10. How Regularization Improves XGBoost
✔ Reduces Overfitting – Controls complexity, ensuring robust predictions. ✔ Improves Generalization – Helps models perform well on unseen data. ✔ Enhances Feature Selection – L1 regularization selects only the most relevant features. ✔ Smooths Decision Boundaries – L2 regularization prevents erratic predictions.

11. Tuning hyperparameters is essential for optimizing Gradient Boosting models. Here are some key hyperparameters to adjust for better performance:

  1. Learning Rate (eta)
✔ Controls the step size in updating predictions. ✔ Lower values (e.g., 0.01–0.1) improve generalization but require more trees. ✔ Higher values can lead to overfitting if not carefully tuned.
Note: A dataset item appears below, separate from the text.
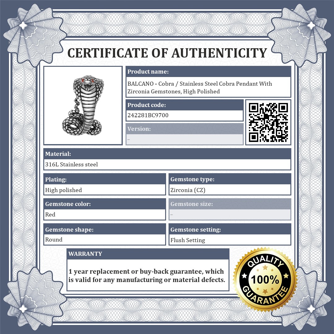 BALCANO - Cobra / Stainless Steel Cobra Pendant With Zirconia Gemstones, High Polished

  2. Number of Trees (n_estimators)
✔ Determines how many boosting rounds occur. ✔ More trees improve accuracy but increase computation time. ✔ Optimal balance needed to prevent overfitting.

  3. Maximum Depth (max_depth)
✔ Controls tree complexity. ✔ Shallower trees (3–6 depth) prevent overfitting. ✔ Deeper trees capture more patterns but risk overfitting.

  4. Minimum Child Weight (min_child_weight)
✔ Defines the minimum sum of weights required for a node split. ✔ Higher values lead to more conservative models, preventing overfitting. ✔ Lower values allow trees to grow deeper.

  5. Subsampling (subsample)
✔ Controls the percentage of training samples used per tree. ✔ Reduces variance by adding randomness. ✔ Typical range: 0.5–1.0.

  6. Column Sampling (colsample_bytree, colsample_bylevel)
✔ Selects a fraction of features at each level/tree. ✔ Helps improve generalization, especially in high-dimensional datasets.

  7. Regularization (L1 & L2)
✔ Prevents overfitting by penalizing large weights. ✔ L1 (Lasso) helps feature selection, while L2 (Ridge) smooths predictions.

  8. Loss Function Selection
✔ Different tasks require different loss functions:

Regression → MSE, MAE

Classification → Log Loss, Cross-Entropy

  9. Gamma (min_split_loss)

12. Feature Importance in Boosting refers to the relative contribution of each input feature in making predictions. It helps identify which features significantly impact the model's decision and which ones can be ignored or removed.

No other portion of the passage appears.